=== Your objective ===
Transcribe each entry exactly; skip the images.

>>>

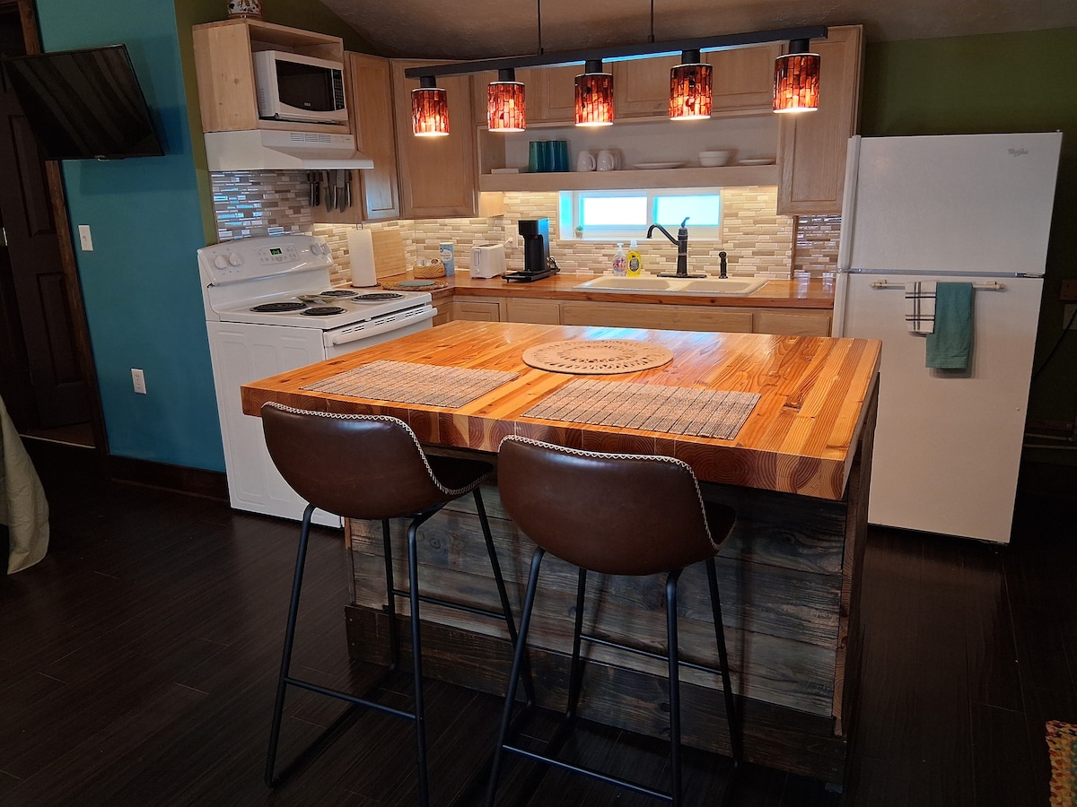 Feel at home and relax from your travels in our unique and peaceful efficiency. One block from the iconic Route 66 and within walking distance to the famous U Drop Inn, featured in the Cars movie. Cabin M features a full kitchen with coffee and cookware, full bath, as well as a queen size bed. The large closet has plenty of space for hanging clothes, with iron and board. Large 55 inch TV with Roku in seating area, and 32 inch with built-in DVD player for watching in bed. Free Wi-Fi.
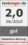 Der Steinwood Kompakt 4-Season ist ein sehr gut verarbeiteter und gut isolierender Schlafsack. Das Preis-Leistungs-Verhältnis überzeugt ebenfalls – für das Geld bekommt der Nutzer ein sehr gut ausgestattetes Produkt, das jede Hüttenwanderung, jeden Campingurlaub oder einen Festivalsommer mit einer warmen Nacht im Schlafsack belohnt. Jedoch eignet sich der Schlafsack nicht für bewusstes Nächtigen bei Temperaturen nahe des Gefrierpunktes oder gar darunter, ohne zusätzliche Wärmeunterstützer wie Inlays oder Funktionsunterwäsche. Seine Glanzzeit liegt mehr im Frühjahr bis in den Herbst hinein.
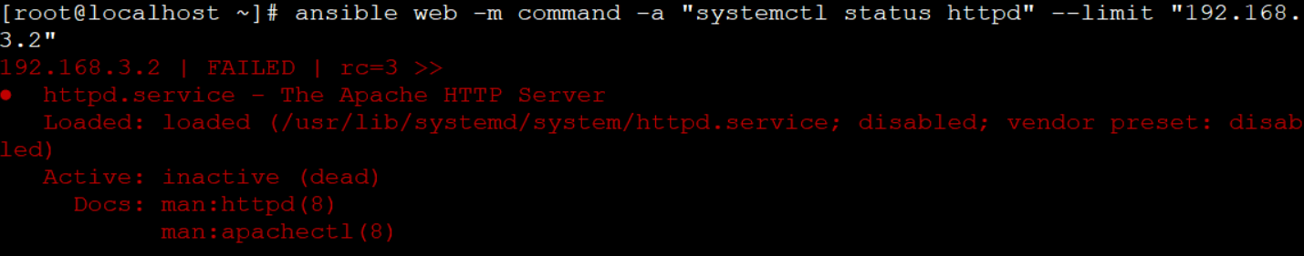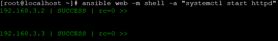 [root@ansible ~]# ansible web -m shell -a ¡°systemctl start httpd¡±
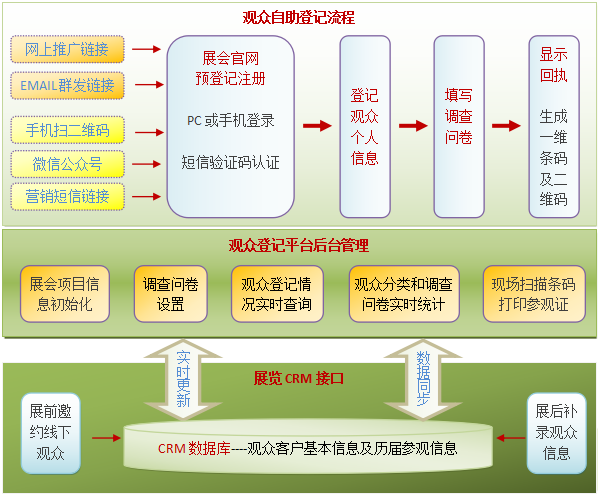 平台总体流程结构:展之观众登记平台主要由登记前台、管理后台、CRM接口等三部分组成,结构如下:
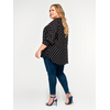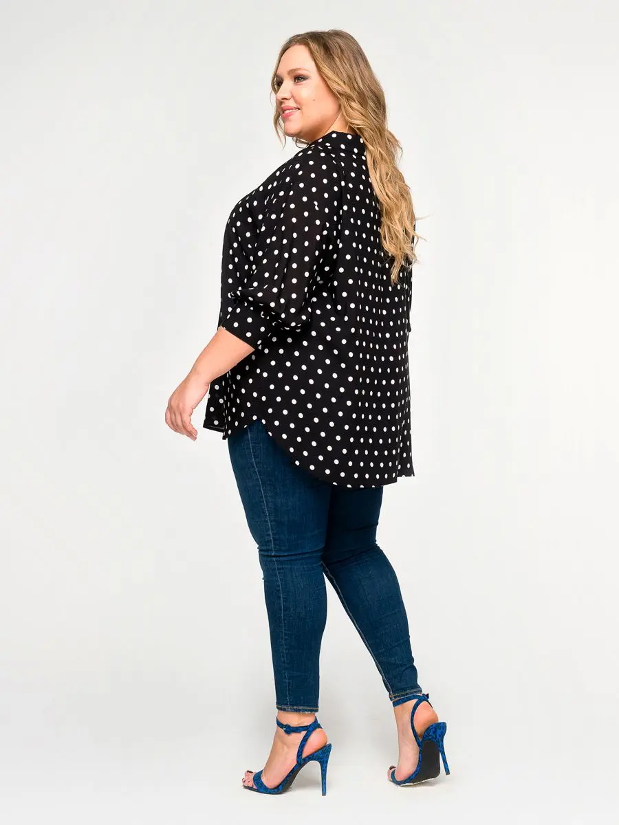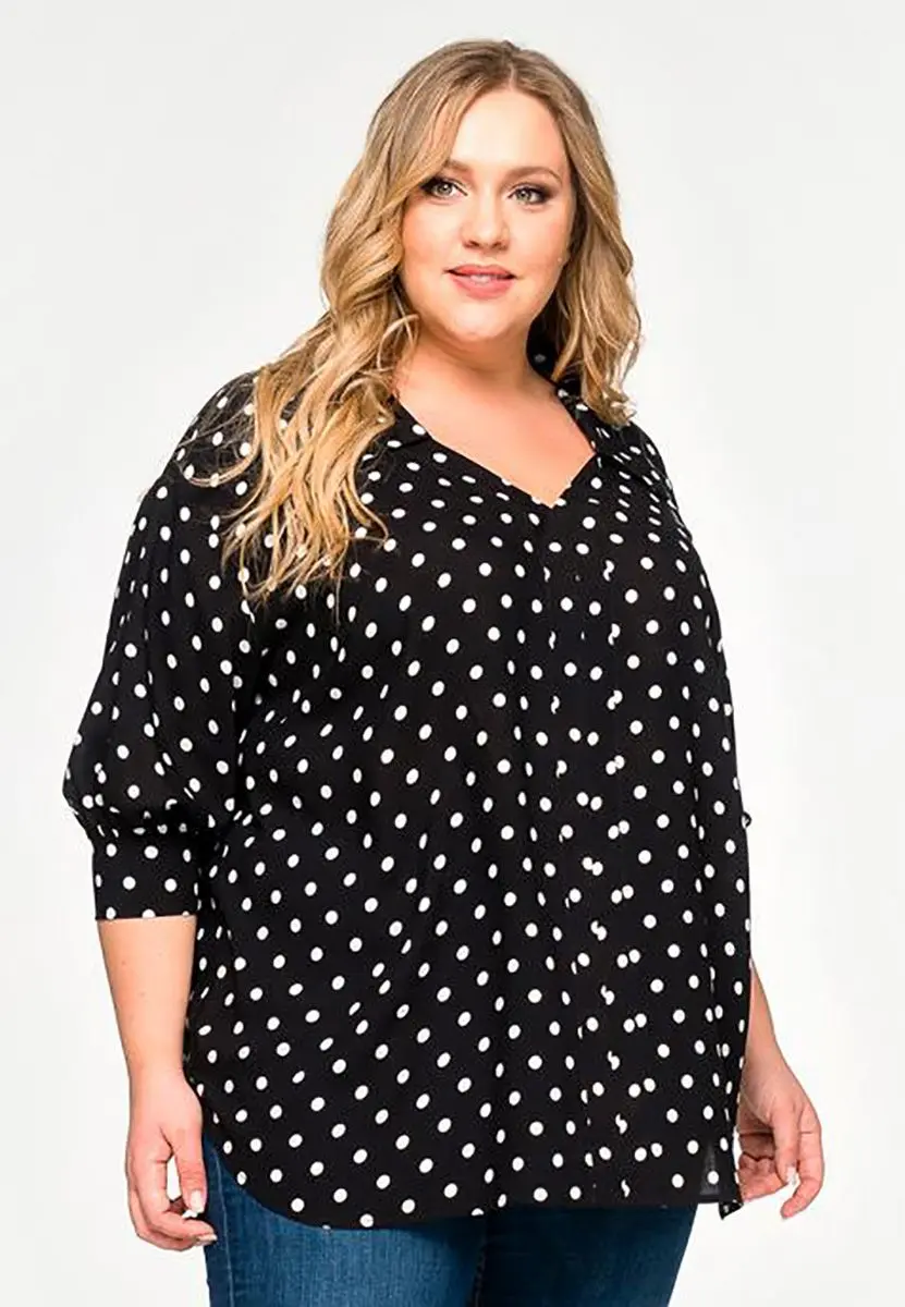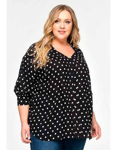 Свободная туника из штапеля. Линия плеча спущена, низ рукава присборен, заканчивается манжетом. По центру переда планка, плавно переходящая в вырез, в который втачан рубашечный воротник.

<<<

=== Expected output ===
 Feel at home and relax from your travels in our unique and peaceful efficiency. One block from the iconic Route 66 and within walking distance to the famous U Drop Inn, featured in the Cars movie. Cabin M features a full kitchen with coffee and cookware, full bath, as well as a queen size bed. The large closet has plenty of space for hanging clothes, with iron and board. Large 55 inch TV with Roku in seating area, and 32 inch with built-in DVD player for watching in bed. Free Wi-Fi.
 Der Steinwood Kompakt 4-Season ist ein sehr gut verarbeiteter und gut isolierender Schlafsack. Das Preis-Leistungs-Verhältnis überzeugt ebenfalls – für das Geld bekommt der Nutzer ein sehr gut ausgestattetes Produkt, das jede Hüttenwanderung, jeden Campingurlaub oder einen Festivalsommer mit einer warmen Nacht im Schlafsack belohnt. Jedoch eignet sich der Schlafsack nicht für bewusstes Nächtigen bei Temperaturen nahe des Gefrierpunktes oder gar darunter, ohne zusätzliche Wärmeunterstützer wie Inlays oder Funktionsunterwäsche. Seine Glanzzeit liegt mehr im Frühjahr bis in den Herbst hinein.
 [root@ansible ~]# ansible web -m shell -a ¡°systemctl start httpd¡±
 平台总体流程结构:展之观众登记平台主要由登记前台、管理后台、CRM接口等三部分组成,结构如下:
 Свободная туника из штапеля. Линия плеча спущена, низ рукава присборен, заканчивается манжетом. По центру переда планка, плавно переходящая в вырез, в который втачан рубашечный воротник.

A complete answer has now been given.